As long as it's understood that having your database scripts in SCM isn't going to afford the same protections as having your code in there, and that you should still be very conservative with schema changes, I think it's probably a good thing to do if you have more than 3 or 4 developers. If you're a pair or a one-man show, it's probably not worth the effort, because the frequency of changes should be rare.

Since I assist well over 50 projects with a lots of associated database, I can assure you that for large projects, Version Control Tools are simply not made for any kind of versionning of data from the database.
Those kind of data evolve at a very different pace than the rest of your development.

SCM can be suited for storing scripts of upgrades (or even downgrades) of schema.
Data are managed with backups.

VonC
I don't think this question is about source control of schema design, I think it's about changes made by the application to database rows.
WW
"changes made by the application to database rows" is about data, is it not ? Hence my answer. SCM is not made for data versionning coming from database.
VonC
A: 

Here's a start, in a post by one of SO's founders.

Yuval F
That is about putting the entire database under version control, not the actual data in it.
Kristoffer L
+6  A: 

I think you are looking for versioning the content of database records (as StackOverflow does when someone edits a questrion/answer) a good starting point might be look some database model that uses that revision tracking.
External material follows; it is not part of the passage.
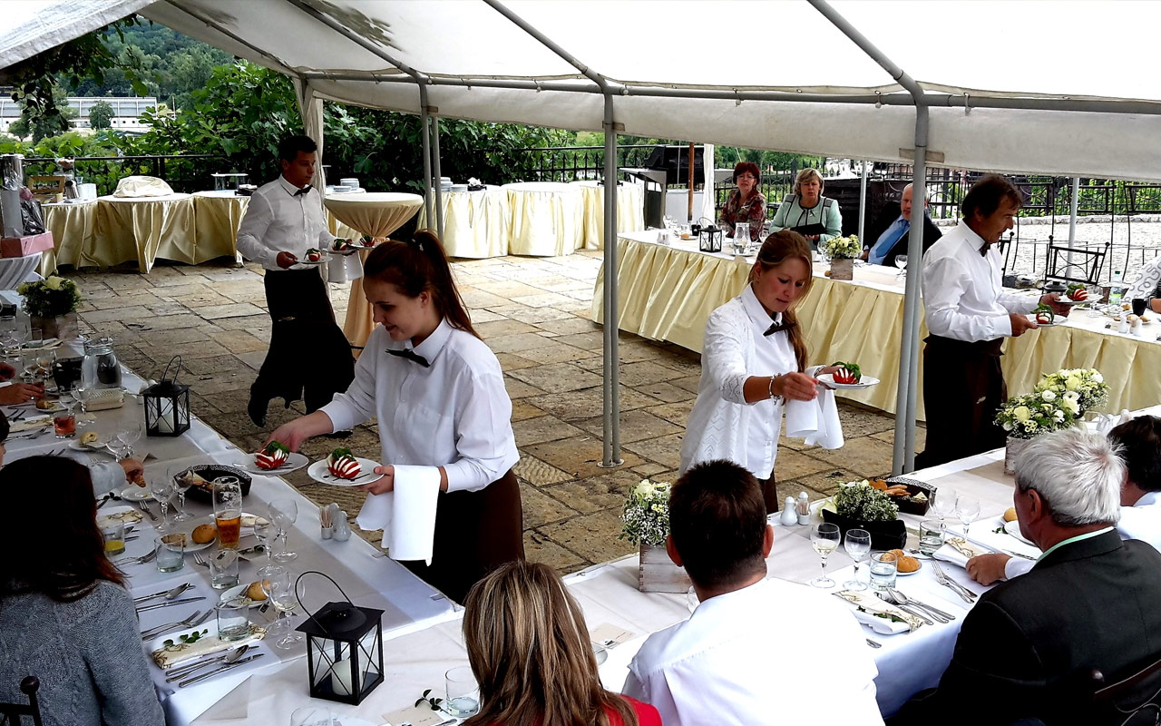 These are the most ceremonious family events. People understand the wedding as a vow given once in a lifetime, therefore much emphasis is put on banqueting the guests. The wedding day’s gastronomy starts in the bride’s place where the wedding guests gather before the ceremony. It continues by a toast after the ceremony and then by a served lunch or dinner for the family and ends by an afterparty for friends. You can use our services throughout the wedding day or just during some parts of it. Formal wear in clear pastel colours for women and a suit with a bright-coloured tie for men are the suitable dresses.

The best example that comes to my mind I think is MediaWiki (Wikipedia engine), look at the database diagram here, check how the revision table its related.

Depending what technologies you're using you'll have to find some good diff/merge algorithms.
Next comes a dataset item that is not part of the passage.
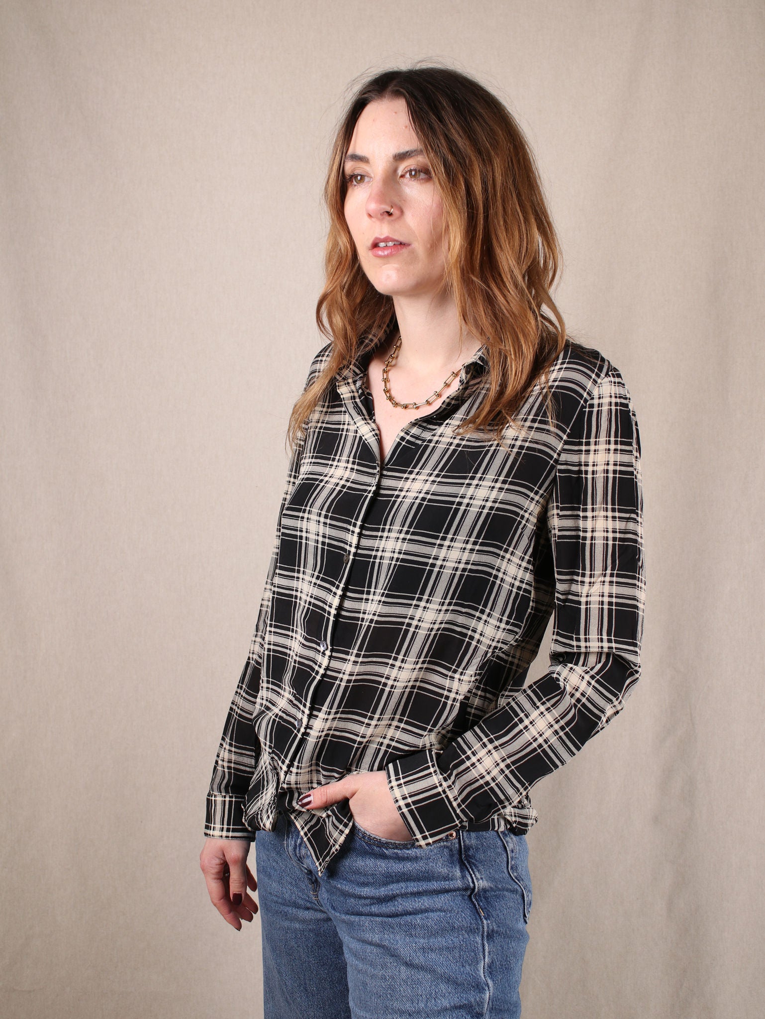 Secondhand Hemd aus Seide mit Karo-Muster von The Kooples,

Check this question if it's for .NET.

CMS
+4  A: 

In the BI world, you could accomplish this by adding a startDate and endDate to the table you want to version. When you insert the first record into the table, the startDate is populated, but the endDate is null. When you insert the second record, you also update the endDate of the first record with the startDate of the second record.
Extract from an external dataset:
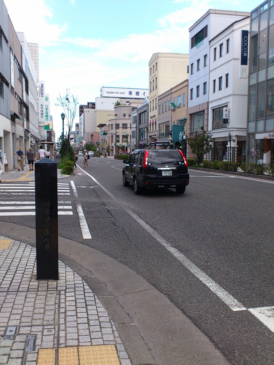 国宝松本城へクルマで行きました。複雑な形の松本城の天守閣を堪能し、せっかくなので松本市内を散策することにしました。松本城の南口から松本駅の方へ、千歳橋を渡った先です。千歳橋までは大名町通りという名の銀行などの中心としたオフィス街ですが、この本町通りは地元の方が利用する一般の商店街です。ファッションやグルメのお店が並んだ楽しい商店街です。

When you want to view the current record, you select the one where endDate is null.

This is sometimes called a type 2 Slowly Changing Dimension. See also TupleVersioning

ranomore
Won't my table grow quite large using this approach?
Niels Bosma
Yes, but you can deal with that by indexing and/or partitioning the table. Also, there will only be a small handful of large tables. Most will be much smaller.
ConcernedOfTunbridgeWells
+25  A: 

Let's say you have a FOO table that admins and users can update. Most of the time you can write queries against the FOO table. Happy days.

Then, I would create a FOO_HISTORY table. This has all the columns of the FOO table. The primary key is the same as FOO plus a RevisionNumber column. There is a foreign key from FOO_HISTORY to FOO. You might also add columns related to the revision such as the UserId and RevisionDate. Populate the RevisionNumbers in an ever-increasing fashion across all the *_HISTORY tables (ie. from an Oracle sequence or equivalent). Do not rely on there only being one change in a second. ie. do not put RevisionDate into the primary key.

Now, everytime you update FOO, just before you do the update you insert the old values into FOO_HISTORY. You do this at some fundamental level in your design so that programmers can't accidently miss this step.

If you want to delete a row from FOO you have some choices. Either cascade and delete all the history, or perform a logical delete by flagging FOO as deleted.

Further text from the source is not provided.